▶ **WHAT TO PRODUCE**: The copy should begin at the line containing "Vibrant Anime Illustration." and end at the last line of the material. Please reproduce those lines exactly and keep pictures out.

▶ **RECORDS SHOWN**:
::::
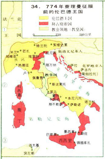 | 774年查理曼征服前的价伦巴德王国 | 分类:世界历史B 人气:(载入中...) 更新:2013/9/8 |
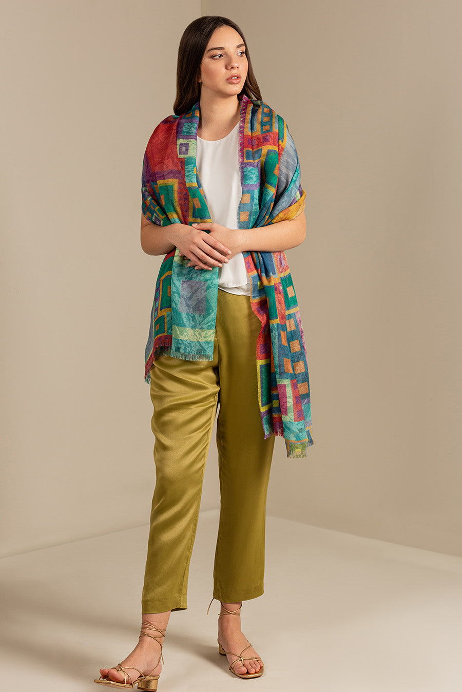 Light and soft, our Uslo shawl features a colourful geometric design that will add a unique vibe to your outfits.
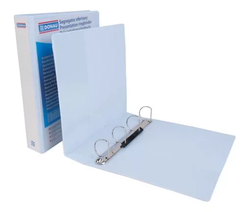 Ha iratrendezés, akkor DONAU! Termék tulajdonságok: -panorámás gyűrűskönyv -63 mm gerincvastagság -40 mm átmérőjű, 4 "D" gyűrűs szerkezet -mindkét oldalán ragasztott és a széleken hegesztett PP fólia borítással a buborékmentes és minőségi megjelenés érdekében -2 átlátszó külső zseb a felcímkézéshez, személyre szabáshoz -2 belső zseb jegyzeteknek -tartós PP borítás kívül és belül
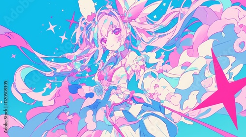 © Whiteney, Fototapeta premium Pastel Dream. A Whimsical Anime Girl in a Candy-Colored World. Vibrant Anime Illustration.
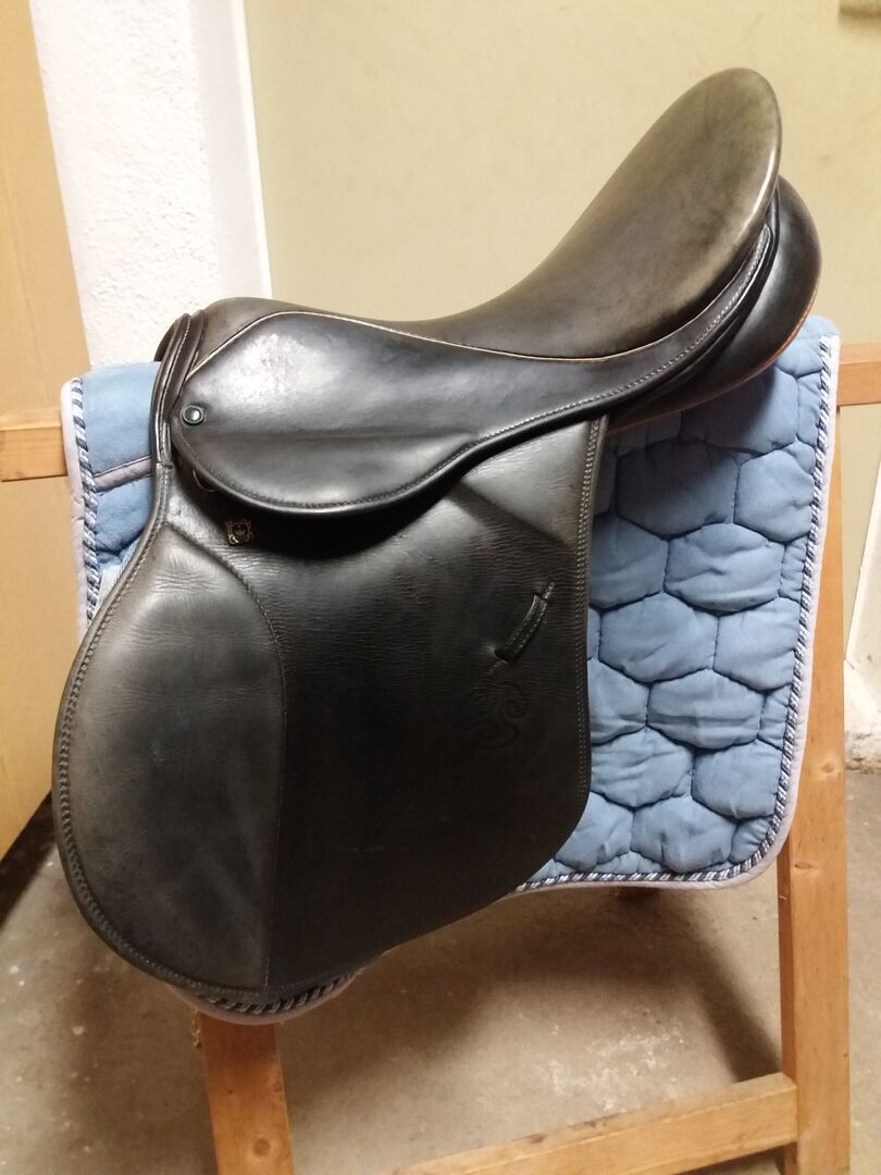 Branded riding saddle - Stübben Romanus VVS 17,5", 30 girth/chamber - Anyone who appreciates good quality will be very happy with the Stübben Romanus. It is an eventing saddle with a focus on jumping. Color black with brown. Overall, however, it is a great all-rounder that is very comfortable and always gives a secure feeling. The saddle has a 30" chamber and a 17.5" seat. The girth straps are all still in perfect condition. The same applies to the saddle tree. Of course, the saddle was always stored dry and regularly maintained, but also has traces of use.
::::
▶ **SOLUTION BELOW**:
 © Whiteney, Fototapeta premium Pastel Dream. A Whimsical Anime Girl in a Candy-Colored World. Vibrant Anime Illustration.
 Branded riding saddle - Stübben Romanus VVS 17,5", 30 girth/chamber - Anyone who appreciates good quality will be very happy with the Stübben Romanus. It is an eventing saddle with a focus on jumping. Color black with brown. Overall, however, it is a great all-rounder that is very comfortable and always gives a secure feeling. The saddle has a 30" chamber and a 17.5" seat. The girth straps are all still in perfect condition. The same applies to the saddle tree. Of course, the saddle was always stored dry and regularly maintained, but also has traces of use.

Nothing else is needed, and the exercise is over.